Search code examples
pythontensorflowdatasettokenize

Difference between split() and tokenize()


I am counting the number of unique words in a loaded text file. However I have realized that when I use split() and tensorflow_datasets tokenize() I get different results yet I thought they achieve the same thing. Here is my code. Can somebody help me know the difference between the two.

import tensorflow as tf
import tensorflow_datasets as tfds

tf.enable_eager_execution()

BUFFER_SIZE = 50000
TAKE_SIZE = 5000
BATCH_SIZE = 64

tokenizer = tfds.features.text.Tokenizer()
data = open("news.2011.en.shuffled","r").read()
vocab = list(set(data.split()))  # gives more count
print(len(vocab))

tokenized_data = tokenizer.tokenize(data)
print(len(set(tokenized_data)))  # gives less count

Solution

  • split() function when passed with no parameter splits only based on white-space characters present in the string.

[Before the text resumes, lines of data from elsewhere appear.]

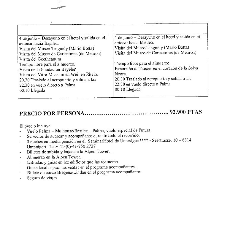Preu per persona: 92.200,- Pts. (Inclou desplaçaments, allotjament, visites guiades, assegurança de viatges).
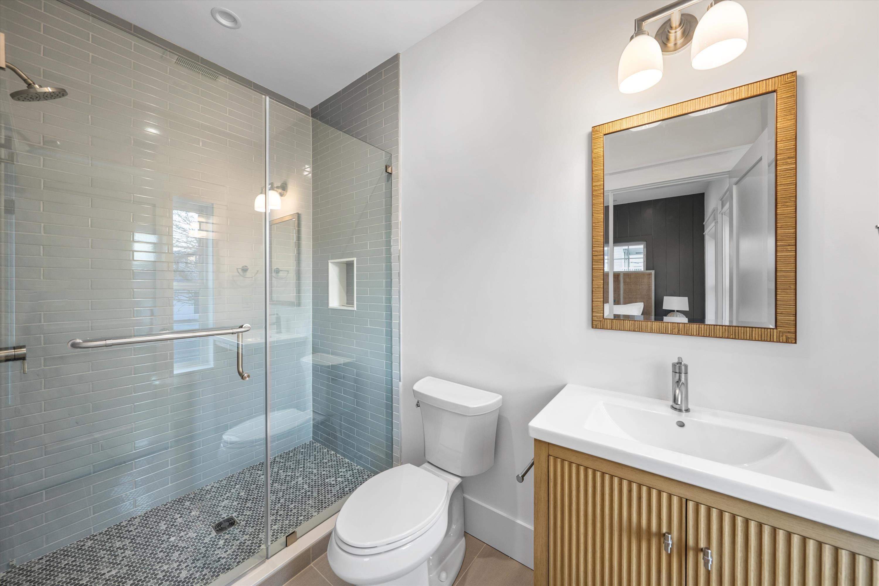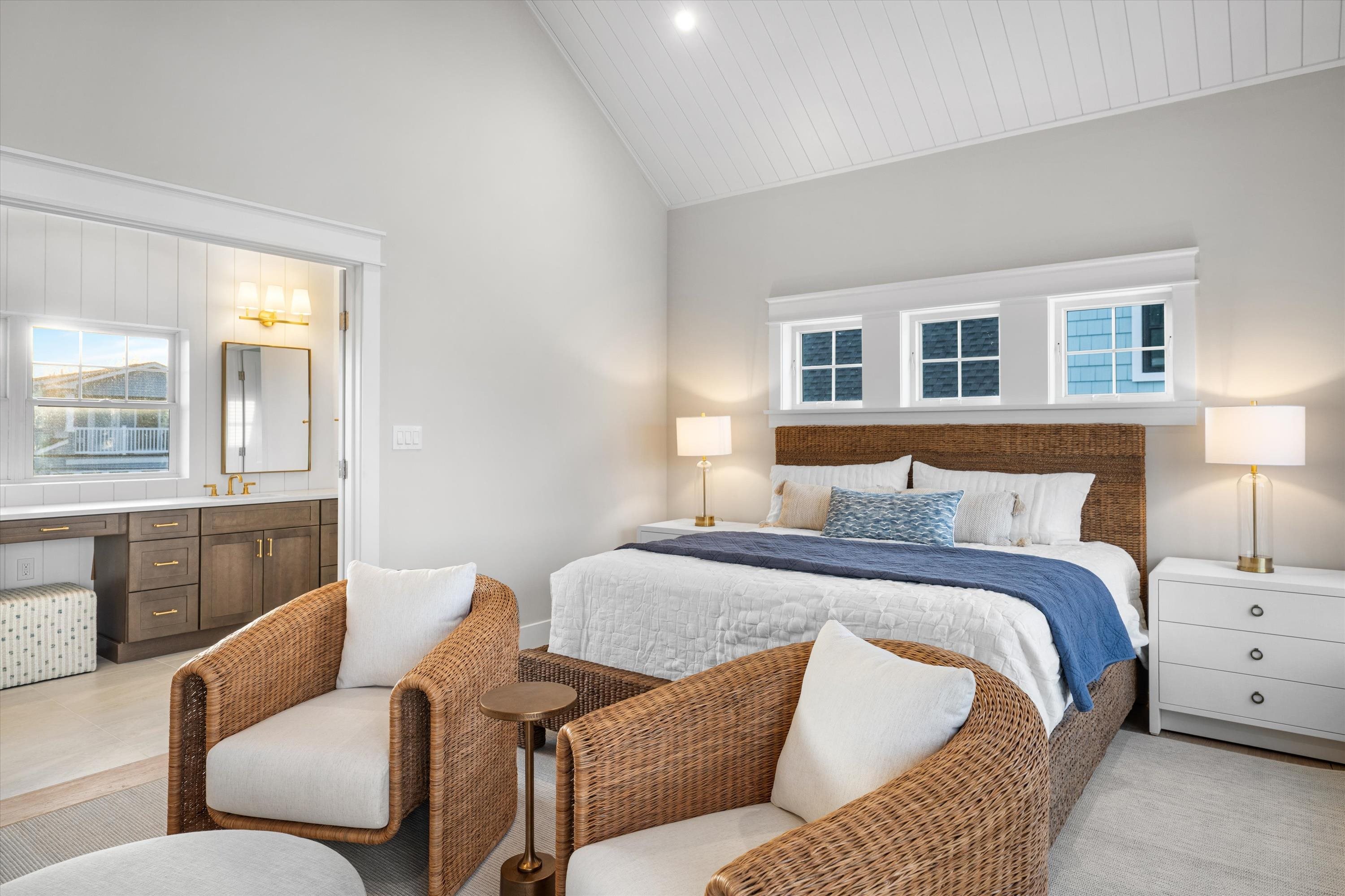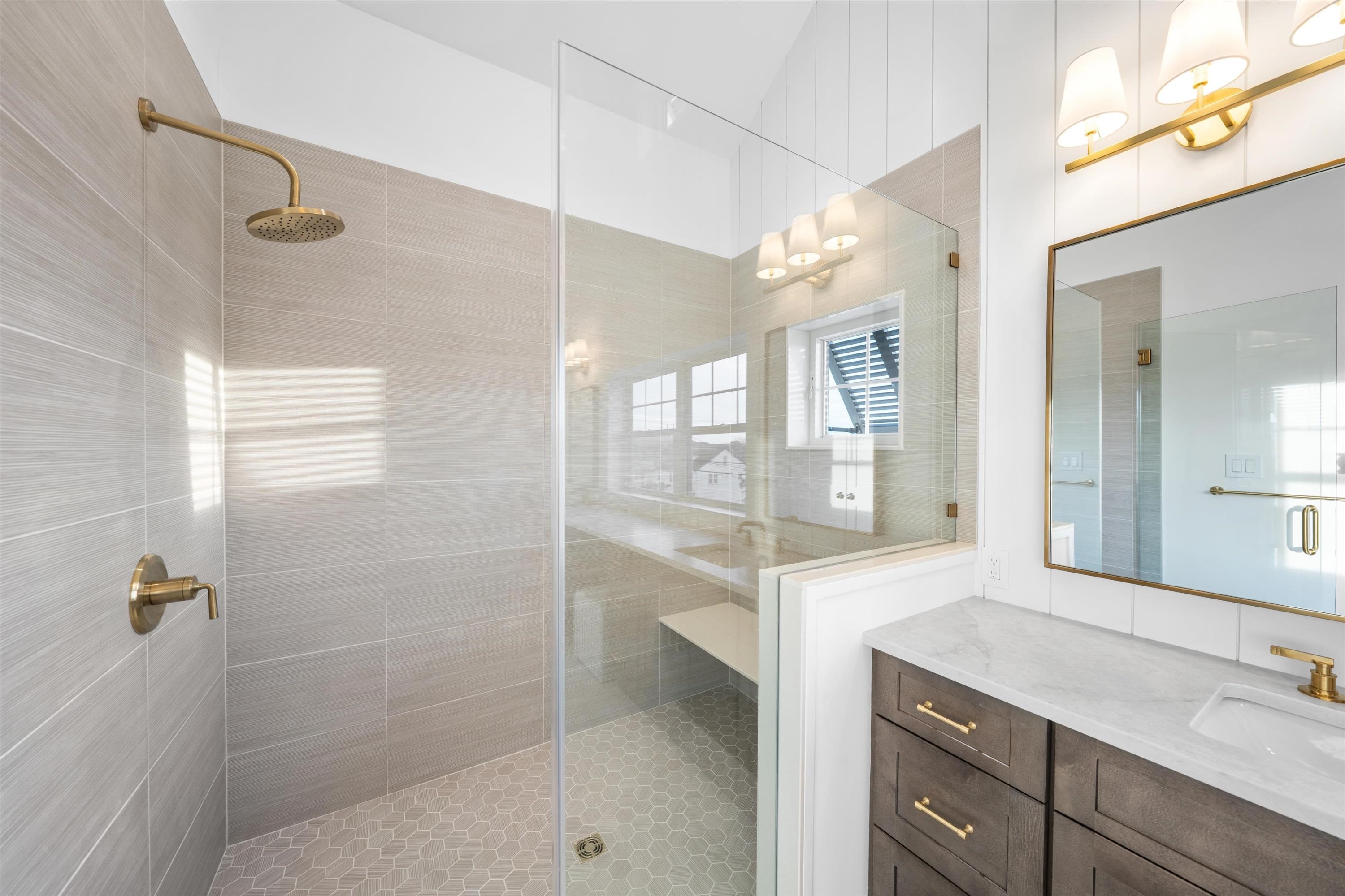 Welcome to 1712 Central Avenue. This thoughtfully envisioned and masterfully executed estate sets a new standard for refined North Wildwood living. Designed by Bishop and Smith Architects and constructed with exceptional craftsmanship by Vallese Builders, this remarkable residence offers over 3,900 square feet of meticulously planned living space—ideally suited for hosting family, friends, and large-scale gatherings unlike any other property in town. Classic in style yet modern in function, the home features 7 spacious bedrooms, 5 full bathrooms, 2 powder rooms, and 4 expansive decks totaling over 1,000 square feet. Situated on an oversized, 8,000Sqft "L-shaped" lot this one-of-a-kind property mimics two combined lots. Premium exterior finishes include Hardie® shingle and plank siding, Pella Impervia Morning Sky Gray windows, striking metal roof accents, brick veneer, and rich mahogany decking, delivering durability with timeless coastal appeal. The first level is ideal for family or guest accommodations, offering four generously sized bedrooms, three full bathrooms, a welcoming family room just steps from the pool, a walk-in laundry/mudroom with direct driveway access, and a convenient powder room. The second level impresses with dramatic vaulted ceilings and an open-concept design that creates a grand yet inviting atmosphere. The gourmet kitchen features elegant cabinetry, premium appliances, and an oversized island with seating for five. Adjacent are a spacious dining area and a cozy living room with a gas fireplace, both opening onto a large deck perfect for al fresco entertaining. This level also includes a second laundry room and three additional bedrooms, including a custom-designed bunk room with four full beds. The primary suite occupies its own private wing, accessed through a pocket door that opens into a light-filled breezeway featuring a home office with custom cabinetry, under-counter refrigeration, and a large walk-in closet. The luxurious primary retreat boasts soaring ceilings with V-groove paneling and a spa-inspired bathroom complete with a vertical shiplap accent wall, dual vanities, and a stunning walk-in shower. The crown jewel of the property is its expansive, resort-style backyard, situated on the 30' x 100' “L” section of the lot. This outdoor oasis features a 15' x 30' gunite pool with a sun shelf and spillover spa, generous lounge areas, and a custom wet bar with under-counter refrigeration and a 75inch TV protected by an automatic roll down shutter. All surrounded by beautiful pavers and lush landscaping that will enhance the privacy as it matures. The estate sits on a truly one-of-a-kind 8,000-square-foot lot—a parcel size that would typically accommodate two single-family homes. Perfectly positioned on picturesque, tree-lined Central Avenue, and just a short stroll to the beach, shops, and dining. The home is sold tastefully furnished by Proximity Interior Design. This extraordinary residence offers a rare opportunity to own a legacy estate designed for generations to come. Contact an agent today to set up your private tour.
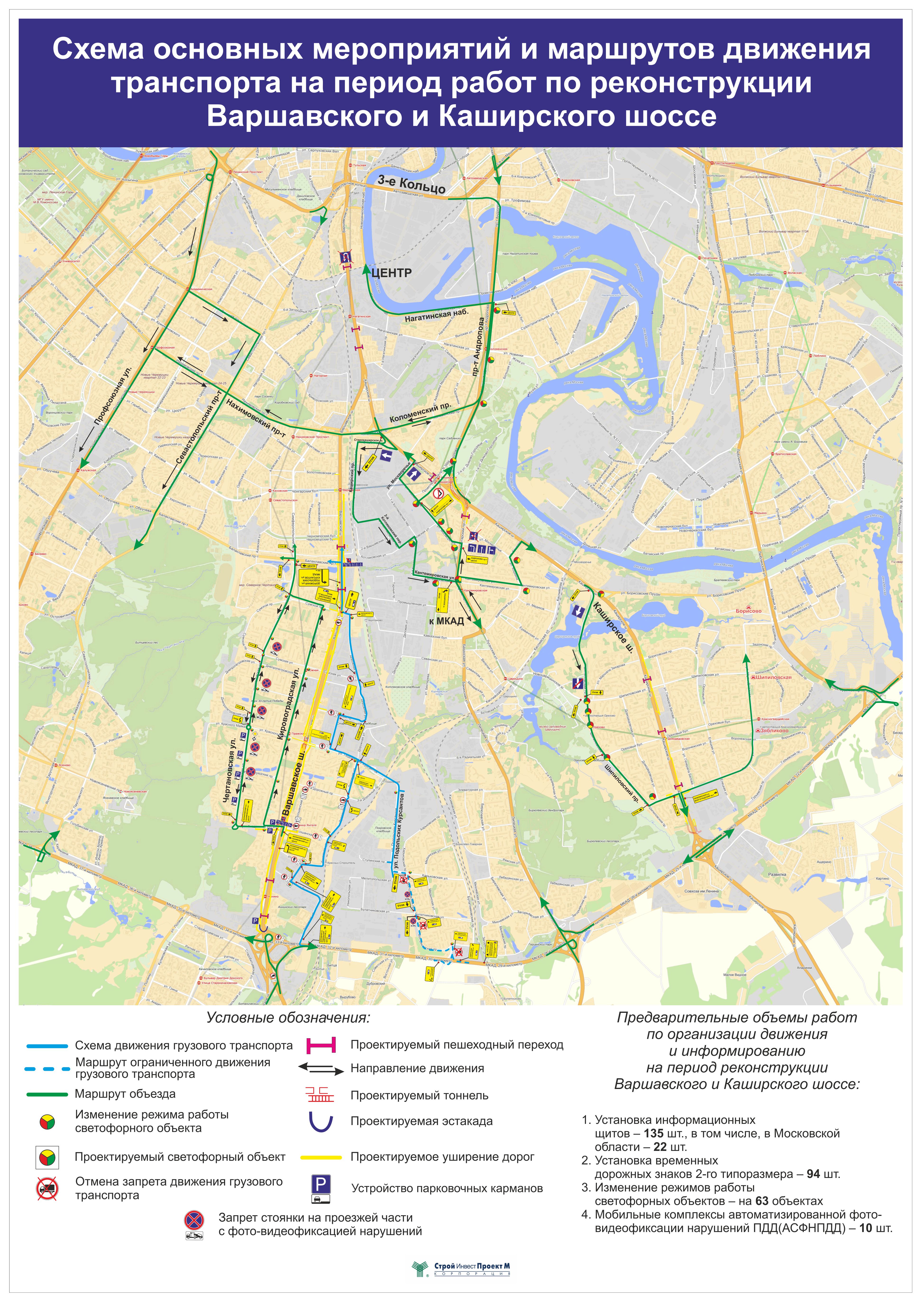 Работы по реконструкции Варшавского и Каширского шоссе начались в декабре 2011 года. Обе трассы должны быть реконструированы к началу 2013 года.
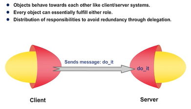 In object-oriented programming, the services are distributed among the objects in such a way that there are no redundancies and each object offers exactly those services it is responsible for. If an object needs any other services, it requests them from other objects. This concept is known as the principle of delegation.
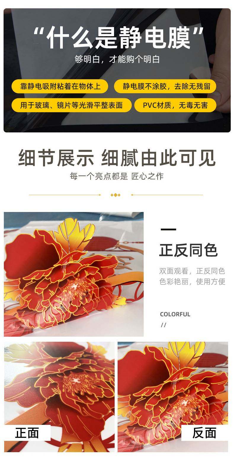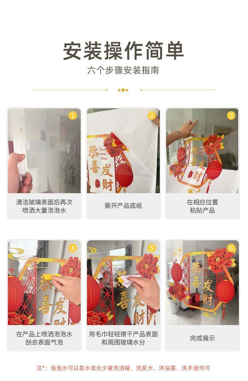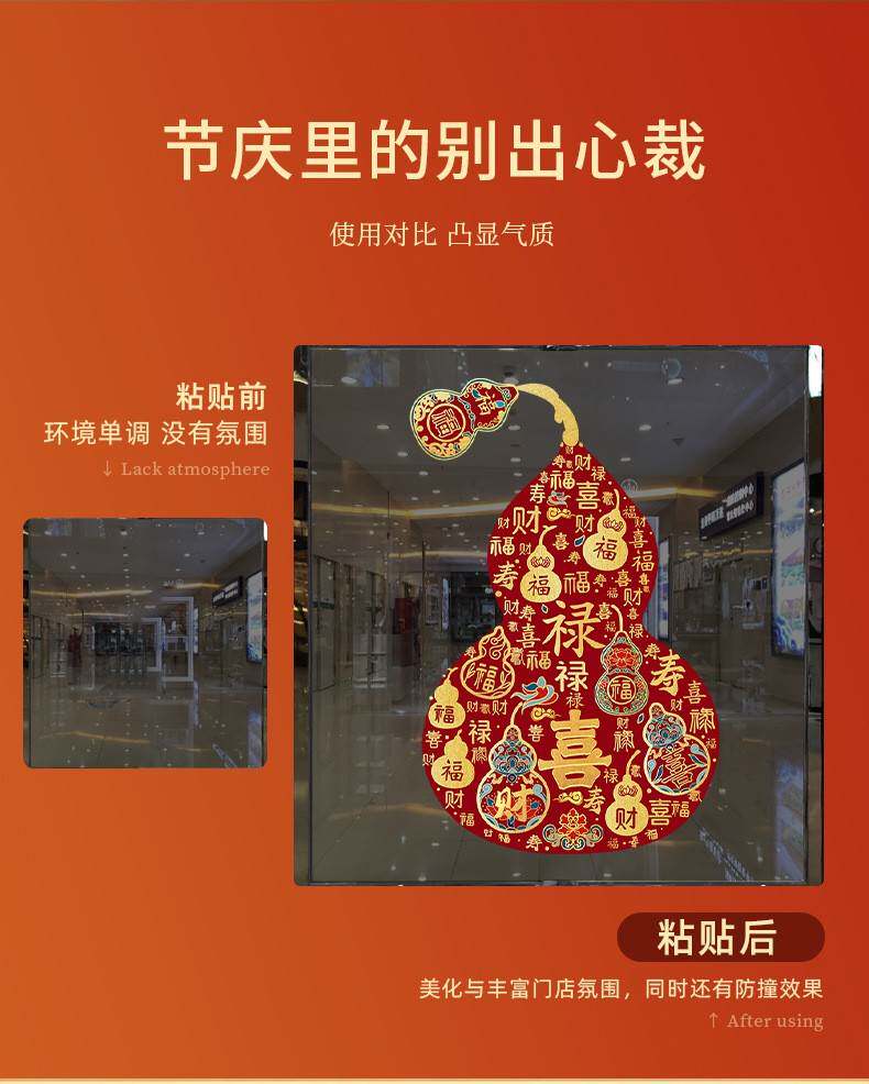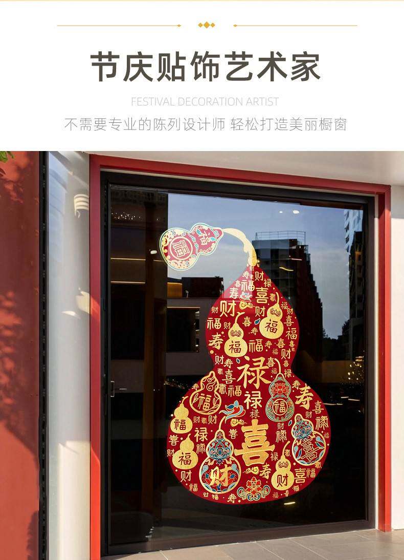 2026過馬年彩色福祿窗花新年靜電玻璃門葫蘆春節貼紙商場櫥窗裝飾
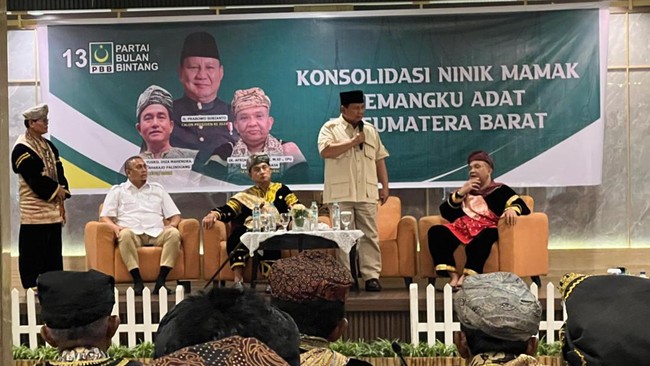 Dukungan itu diungkap pada konsolidasi ninik mamak pemangku adat Sumbar, di Pangeran Beach Hotel, Sabtu (9/9/2023). Dukungan itu turut disaksikan Ketua Umum PBB Prof Yusril Ihza Mahendra dan Sekjen PBB Afriansyah Noor, Ketua DPD Partai Gerindra Sumbar dan Ketua DPW PBB Sumbar Zaldi Heriwan.

    The tfds.features.text.Tokenizer()'s tokenize() method has more ways of splitting text rather than only white space character. You can see that in the GitHub code repository. At present, there is no default reserved_tokens set but the property of alphanum_only is set to True by default.

    Hence, potentially many of the non alpha-numeric characters are getting filtered out and hence you are getting less number of tokens.